7. Summary Table: Principal Techniques for Generating Adversarial Malware Binaries

Attack Family	Domain	Optimization Mode	Typical Perturbation	Reference
Sigma-binary, PBR	Binary feature	Gradients, white	Feature flips (4–20 bits)	(Jafari et al., 14 May 2025)
Gradient append, FGSM	Raw bytes	Gradients, white	EOF or slack byte updates	(Suciu et al., 2018)
Header gradient/IG	Raw bytes	Gradients, white	DOS header bytes (<100)	(Demetrio et al., 2019)
GAMMA (Genetic, padding/inj)	Raw bytes	Black-box, search	Section padding/injection	(Dasgupta et al., 2021)
MalRNN	Raw bytes	Seq2Seq, black	Overlay add (benign-like)	(Ebrahimi et al., 2020)
MEME	Raw bytes	RL/surrogate, black	Multi-step PE modifications	(Rigaki et al., 2023)
Instrumentation gadgets	Wasm, bytecode	Grey-box, substitute	Dead code, dead-data bytes	(Loose et al., 2023)
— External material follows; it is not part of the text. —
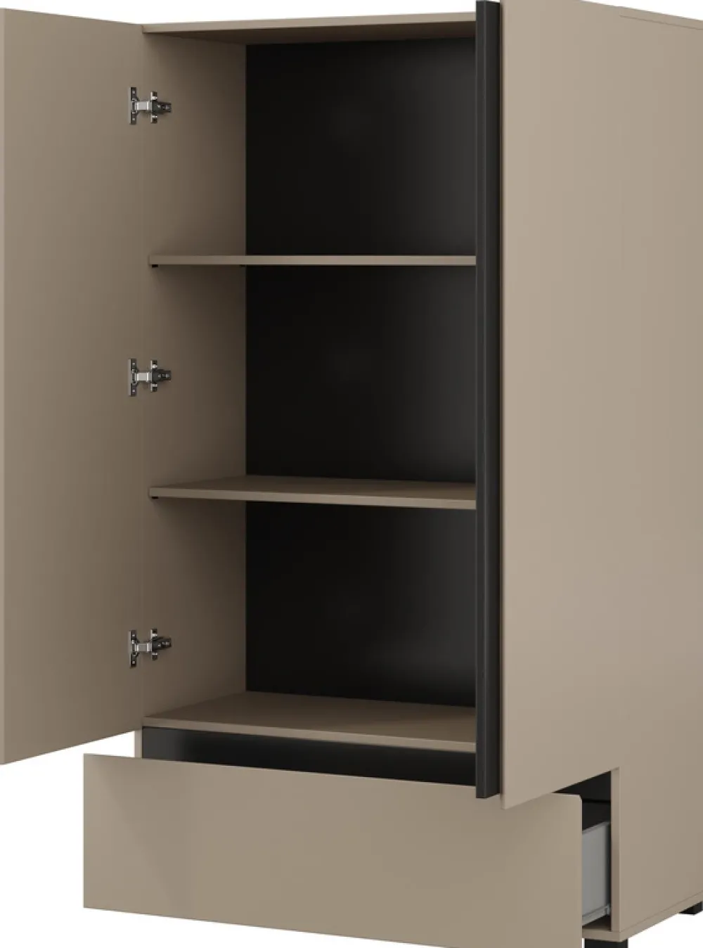 Trzy wewnętrzne półki za drzwiami zapewniają przejrzystą organizację przestrzeni i łatwy dostęp do zawartości. U dołu znajduje się funkcjonalna, głęboka szuflada, osadzona na prowadnicach rolkowych, co zapewnia ciche i lekkie działanie nawet przy większym obciążeniu.

These collectively illustrate that adversarial malware binaries present a severe challenge to both conventional and state-of-the-art ML-based malware defenses, necessitating continued development of structurally aware training, robust feature engineering, and adaptive ensemble approaches. The ongoing arms race between adversarial binary generation and robust ML malware detection frameworks remains an active frontier (Jafari et al., 14 May 2025).